He also drew attention to ‘citation’ practice in the more informal world of blogposts. Typically a blogpost may include a link (just a hyperlink rather than a formal citation) to another web page (blogpost or something else). Sometimes a blog post may link to something which is in fact a DOI, i.e. a part of the world of formal literature. Sometimes blogposts may have more formal list of references at the end, with in-text citations. Some may include footnotes with links in. In blogs all of these different styles of citing and linking are intertwingled (I’d not heard this word before, but apparently it was coined by Ted Nelson). As bloggers we’re not thinking that hard about how we cite/link. We all do it, mixed up-wise.
Now Geoff got serious. He highlighted the Force11 data citation principles. The first three of these are: importance, credit/attribution, evidence. Geoff stated that the principles put too much emphasis on credit/attribution rather than on evidence (reproducibility), putting the cart before the horse.
I think this was the main point of his talk: citation practice should be at the service of reproducibility. Citing should be a way to help readers/researchers to follow through the arguments in a paper, and the execution of the research reported.
Focusing too much on credit/attribution harms this link. It occurs to me that there is a kind of diachronous Heisenberg uncertainty principle at work when we start to measure citations – the act of measuring affects future citation practice and thus deems all future measurements suspect.
Geoff enjoined us not to think magically about citations but to think critically and to doubt everything we think about citations.
After his talk I felt that we could quite profitably have sat around discussing what he said for the rest of the day. But sadly there were more talks to listen to. Luckily they were also thought-provoking.
Mike Jones (from Mendeley) had the difficult task of persuading us that we should be happy to trust his company (owned by Elsevier) with our research data.
It seems to have been around for about a year, though it was in beta for much of that time. Mendeley data is setting up as a competitor to broad repositories such as Figshare and Dryad, and will also work with Hivebench, recently acquired by Elsevier. Clearly Elsevier are putting together their own data ecosystem.

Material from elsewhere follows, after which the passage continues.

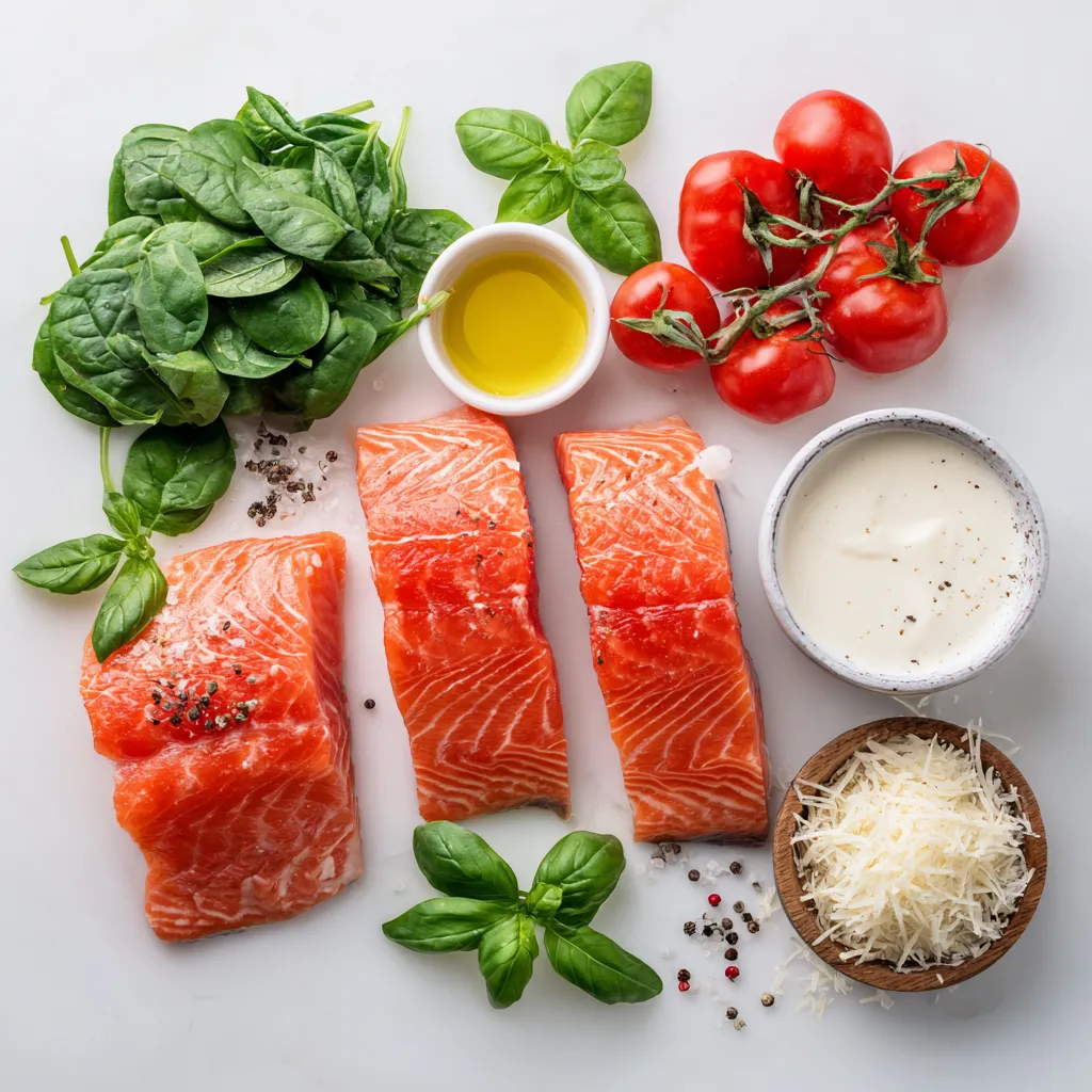 The key to making Tuscan salmon in cream sauce is choosing fresh, quality ingredients. Salmon fillets serve as the star of the dish. I prefer wild-caught salmon for its rich flavor and firm texture. The olive oil provides the perfect base for cooking. Garlic adds depth, while cherry tomatoes bring a burst of sweetness. Fresh spinach not only adds color but also boosts nutrition.

Mike rehearsed the well-known reasons underlying the current surge of interest in data sharing and data repositories. I liked his listing of the phases of data curation:
Storage (rescue) – Shared (needs incentives) – Discoverable (metadata) – Comprehensible (well-described/structured) – Valid (curation, review).
Finally, Mike mentioned that they are developing a search engine called Data Search which will search across multiple data repositories. Jim Procter on Twitter pointed out that its effectiveness will depend on the metadata.
I think it is useful to have another service in this general data repository space, but I think Elsevier will have an uphill battle to secure the trust of the research community. One of the questions from the audience highlighted this aspect.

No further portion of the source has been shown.